During lunch with an editor, not surprisingly the economic slump came up. Editors are losing their jobs, while others are making decisions on which authors they are able to offer new contracts to and which they are not. What we discussed was no surprise to us, but might be to many authors: an author’s attitude can matter in some cases. In other words, being a pain in the ass can bite you in the ass.

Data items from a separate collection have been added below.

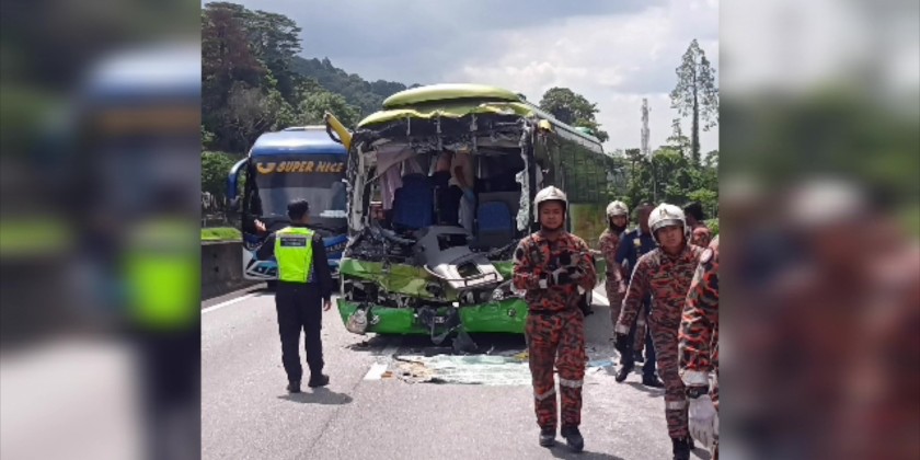 Thirteen people, including Japanese tourists, were injured when a tour bus crashed into the rear of trailer in an incident at KM 230.3 of the North-South Expressway near Taiping, in Malaysia on Thursday evening.
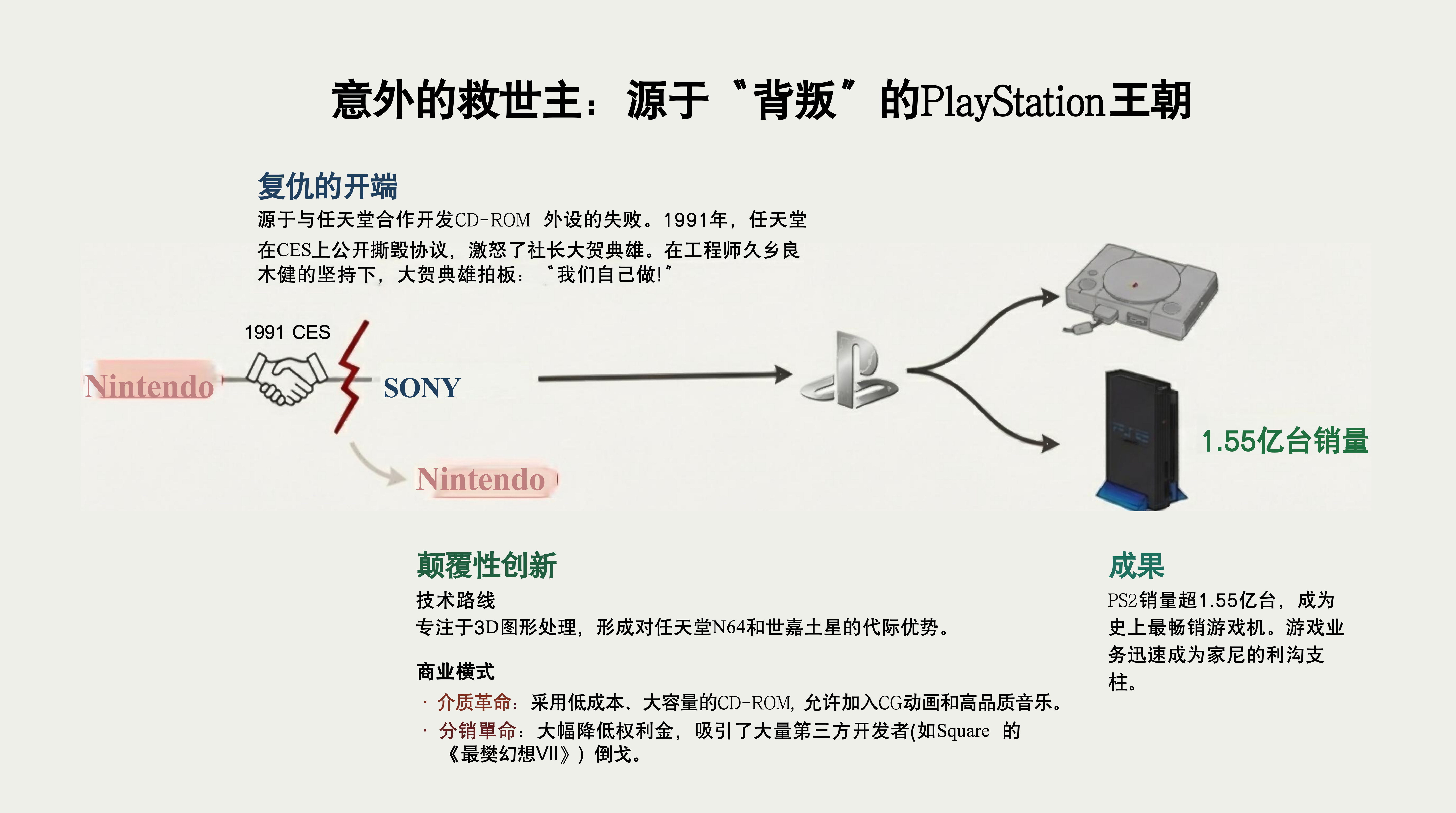 - 核心议题:PlayStation的诞生及其对索尼的拯救,以及其商业模式的创新。
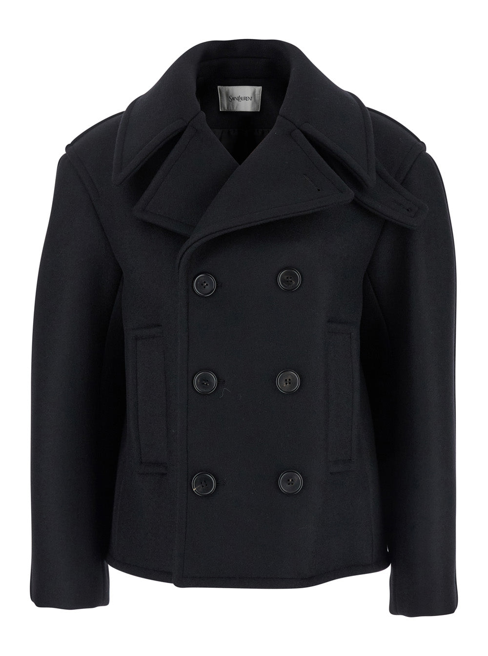 Saint Laurent Women Black Double-Breasted Coat With Classic Wide Revers In Wool Woman
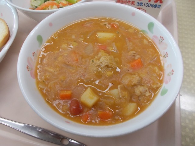 今日の給食のメニューは、ほうとう、イカの生姜焼き、じゃこ入りわかめサラダ、大学芋、牛乳です。今日は、山梨県の郷土料理「ほうとう」を作りました。みそ味の汁の中に冬の野菜、大根やかぼちゃなどと一緒に煮込んで作ります。山梨県は山が多く、米を作るのが難しいので、昔は麦を栽培していました。小麦粉でほうとうを作り、家庭でよく食べていたそうです。今は、観光の人向けにほうとうのお店がたくさんあります。

The first thing publishers look at when cutting their lists (and therefore making decisions about which authors will be returning and which will not receive contracts again), are numbers. Of course the authors with the best sales track records are going to stay, but what about those authors who are neck and neck? How do you make the decision when you suddenly come up with, say, the last ten authors, five of whom you can offer contracts to, but five of whom you no longer have room for? Their numbers are all relatively the same, they sell well, not fantastically, but steadily. The decision is going to come down to attitude. The authors you like, the ones that don’t cause trouble, or give you daily headaches, the ones who turn in relatively clean manuscripts and don’t call screaming simply because they hate the color pink and you used pink on the cover, those are the authors most likely to get the next contract.
Does that mean you need to sit on your hands and keep your mouth shut? Absolutely not. I have a fabulous relationship with a number of editors and a number of contracts people within publishing houses, and you know what? I can be a real pain in the butt. The trick is to be painlessly painful. In other words, to understand that you aren’t always going to get what you want and to face problems professionally and kindly. If you’re unhappy with your cover, you should let your editor know, but you should also let her know why and reasonably discuss solutions if there are any. Better yet, you should let your agent do the dirty work so you always look like a gem.
In publishing, like in any business, the way you approach things can make a difference in the long run. How many of you have walked out of a store or away from a professional simply because you didn’t like the person’s attitude? I know I’ve refused to work with all sorts of people just for that reason. Why should publishing be any different? Again, if you are a royal pain, but bringing the big money, they know they're stuck with you, but if you are at the same level as a whole heck of a lot of nicer people, you better watch your back.